TinyEMU specific (?) HTIF implementation

TinyEMU does not emulate so-called UART devices, but implements HTIF (Host-Target IF), which was implemented by Spike (RISC-V official emulator).

However, unlike other implementations such as qemu, TinyEMU's HTIF implementation has a fixed address, and the bootloader is patched to convey the address.

#define HTIF_BASE_ADDR 0x40008000
diff --git a/bbl/bbl.lds b/bbl/bbl.lds
index 26f5816..615c3dc 100644
--- a/bbl/bbl.lds
+++ b/bbl/bbl.lds
@@ -43,15 +43,10 @@ SECTIONS
   _etext = .;
 
   /*--------------------------------------------------------------------*/
-  /* HTIF, isolated onto separate page                                  */
+  /* HTIF I/Os                                                          */
   /*--------------------------------------------------------------------*/
-  . = ALIGN(0x1000);
-  .htif :
-  {
-    PROVIDE( __htif_base = .);
-    *(.htif)
-  }
-  . = ALIGN(0x1000);
+  tohost = 0x40008000;
+  fromhost = 0x40008008;

A patch to this linker script fixes the addresses of tohost and fromhost.

volatile uint64_t tohost __attribute__((section(".htif")));
volatile uint64_t fromhost __attribute__((section(".htif")));

Originally, these addresses are acquired when the emulator loads.

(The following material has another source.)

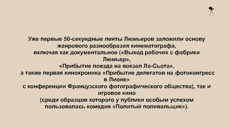 Слайд 6Уже первые 50-секундные ленты Люмьеров заложили основу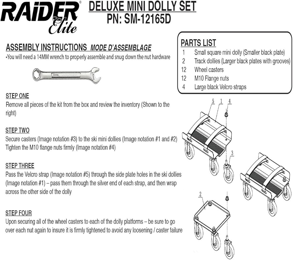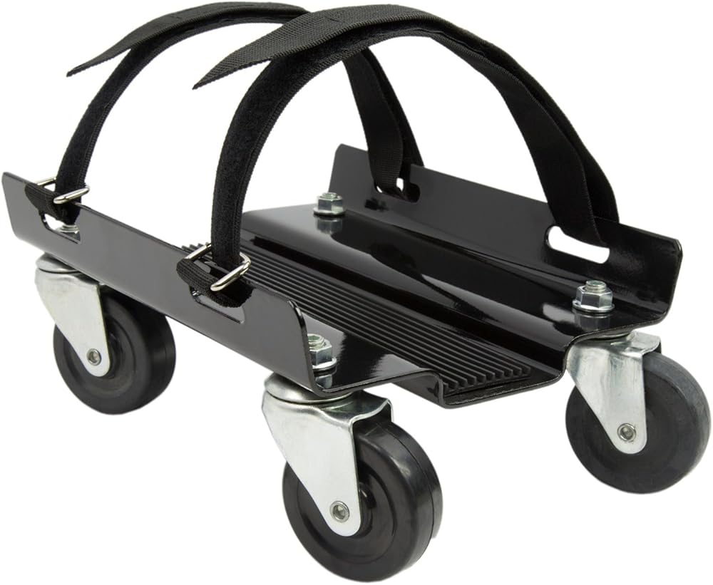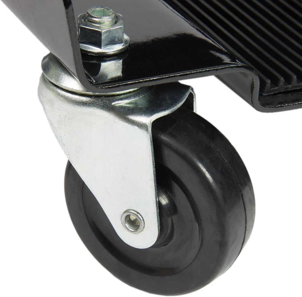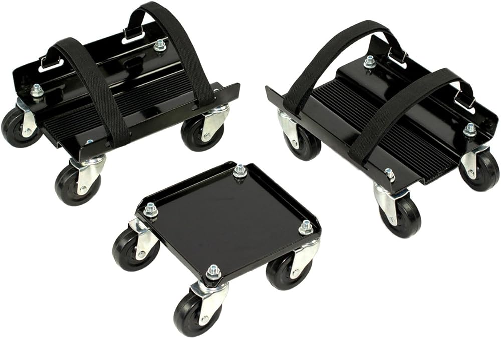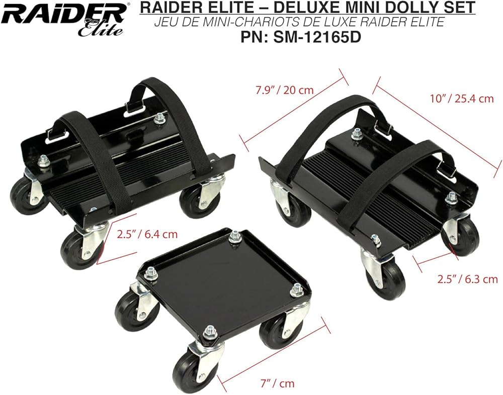 The Raider Mini Dolly kit makes it easy to move your snowmobile around paved surfaces or inside the garage. This kit comes with 3 four-wheeled dollies that go under the skis and under the track. These dollies are constructed of heavy-duty steel to prevent sagging or bending under the snowmobile's weight, and the black powder coating prevents corrosion. When you need to move the snowmobile around the garage, these Raider Mini Dollies get the job done right.

In the first place, HTIF itself is an old specification, so it may not matter now, but I also want a more serious protocol.

Use HTIF at 32bit

Since HTIF is a 64-bit wide interface, it cannot be used with a 32-bit architecture. (If writing conflicts with two or more CPUs, it cannot be processed safely)

Since TinyEMU does not support multiprocessors, it seems that this area is not particularly concerned, ** By declaring the register with 32 bit width and making it a code that is activated at the timing when the upper word is written ** 32 bit / 64 bit Both are supported.

... qemu supports multiprocessors, so I don't think the same policy will work. ..

Kanso

I was prepared that the RISC-V 32bit environment was prepared too recently and it is variously behind 64bit, but it is a bit that pure debugging I / F like HTIF does not support 32bit. It was unexpected.

TODO: You have to set -s SINGLE_FILE = 1 to distribute with npm, and make the kernel and bootloader provided externally.